“Age of Assassins” — Japanese Films of the 1960s in Meacham Auditorium

27 Sep

Please join us Monday, September 27 at 7pm in Meacham Auditorium for the first in a series of five films presented by the Japan Foundation: Age of Assassins.  These films, screened in 35 mm, are all classics of 1960s cinema.  The series is co-sponsored by SIAS, the Film and Video Studies Program, and the Oklahoma City Musuem of Art.

All films in the series are screened in Japanese with English subtitles.  All are free and open to the public.

Age of Assassins (Satsujinkyo jidai) 殺人狂時代
B & W/ 1967 / 99min
Director: Okamoto Kihachi

Dr. Mizorogi, director of an insane asylum, has formed a secret organization called the Great Japanese Population Regulation Council in league with former Nazis. He uses his own patients, insane paranoiacs, and trains them to kill the “useless” of society.

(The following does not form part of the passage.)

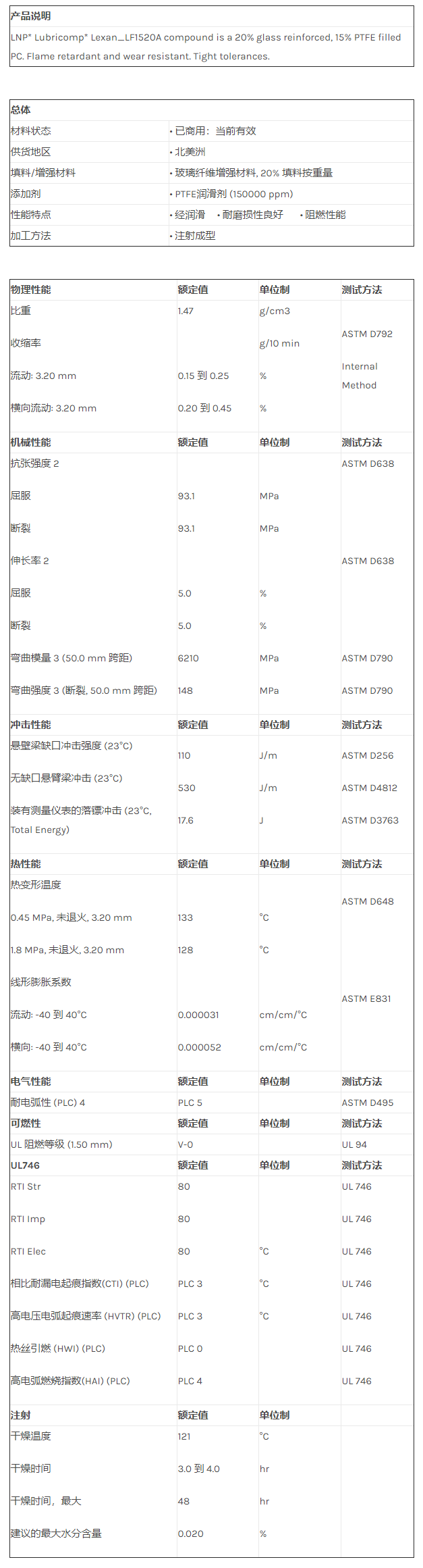 应用范围:产品描述LNP LUBRICOMP LF1520A物性表

Mizorogi selects three names from the phone book and assigns his assassins to quickly kill two of them.

The third target, however, is Kikyo Shinji, a near-sighted, bumbling criminal psychologist more concerned with his athlete’s foot than his personal appearance. Mizorogi’s killer tries to murder Shinji with a deadly playing card but Shinji miraculously escapes when a statue falls on the assassin’s head. Shinji, figuring someone is after him, tries to find help but only ends up gaining the assistance of Keiko, a tabloid reporter, and Bill, a petty crook. After receiving a fashion make-over from Tetsuko, Shinji is again targeted by several of Mizorogi’s assassins but manages to miraculously survive each time.

Keiko and Bill, however, are captured by Mizorogi’s accomplices with only Bill managing to escape with Shinji’s help. In the meantime, Mizorogi, fascinated with Shinji, meets with him at a bar and explains his philosophy: everyone is a killer and there is nothing more enjoyable than murder. Shinji learns from one of the assassins that Keiko is being held at the foot of Mt. Fuji. He and Bill go there only to find themselves in the middle of a Self-Defense Force firing range, another of Mizorogi traps. Thanks to Shinji’s ingenuity and a bit of pure luck, the two again miraculously escape.

Mizorogi, suspicious of both his Nazi colleagues and Shinji, invites Shinji to the asylum to confront him with the truth. The Nazi’s were after Shinji because of the diamond, Cleopatra’s Tears, implanted in his body during WW II. Shinji admits he is not who he seems: his bumbling guise has been a ruse designed to lure the Nazi’s into action. The two fight a “Spanish” duel in front of the patients and the Doctor is killed and Keiko saved. On the way back, however, Keiko unsuccessfully tries to kill Shinji. She reveals that she is Mizorogi’s daughter and, ashamed at her failure, she kills herself.
Afterwards, Bill looks for Shinji but only finds a man who does not recognize him. The man Bill knew, it turns out, was Shinji’s identical twin brother, a trained killer.